I know the classic definition made popular by B-movies, but I was wondering what people thought the present definition(s) of the genre is.

Someone mentioned the Twilight books and such, but those seem to be shelved in YA and, honestly, generally discussed as YA.
What he said.Twilight IS NOT HORROR!
Twilight is a thinly disguised romance with hints of "the bad boy" disguised as a vampire story. IT IS NOT HORROR!!!
Stephen King's Under The Dome is not horror (it's psychological suspense). Stephen King's Pet Sematary, From A Buick 8, and Cell are horror.
Brian Keene's The Rising and The Conqueror Worms are horror.
Dean Koontz's The Taking and Midnight are horror. His books Watchers, Lightning, and Dark Rivers of the Heart are not.

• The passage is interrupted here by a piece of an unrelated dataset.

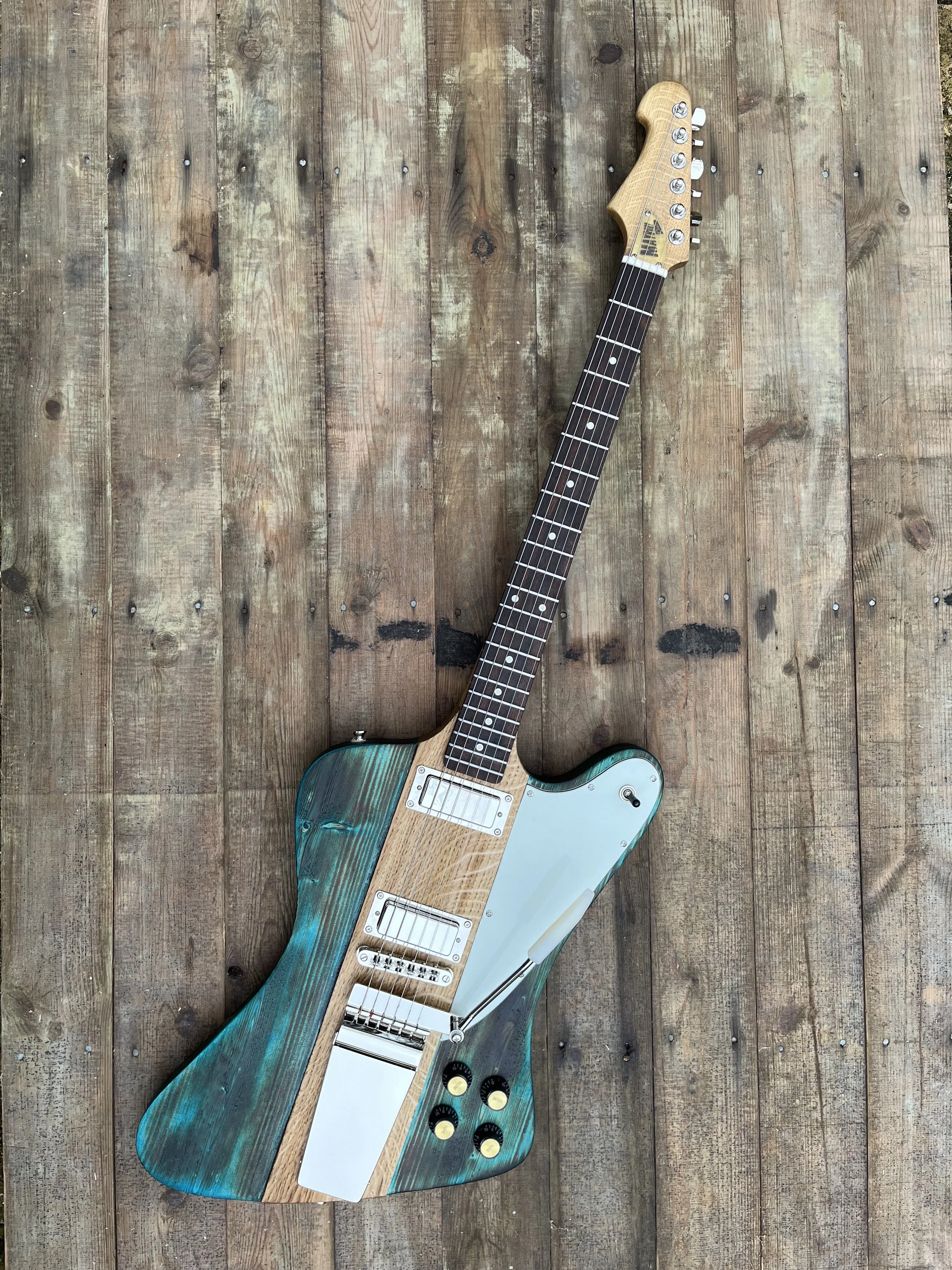 The body is a traditional Firebird shape, featuring a natural figured Oak center, complemented by Teal-dyed Shu Sugi Ban Spruce wings. The Teal finish matches Kit’s first signature build, providing a cohesive look across his instruments.

People think they're reading horror when what they're actually reading is psychological suspense or a thinly-disguised piece of romance in many, many cases (most these days it seems). Readers like what they like and I'm not faulting either them or the authors who feed them for that. I AM absolutely faulting the publishers who publish an author's work as horror when it clearly is not and the publisher clearly does not have Clue #1 as to what horror really is. They pollute the genre, decrease the genre's value as a genre in and of itself, and lower the effort it takes to create a true horror story in order to push a book out into a genre that it ordinarily would be laughed out of.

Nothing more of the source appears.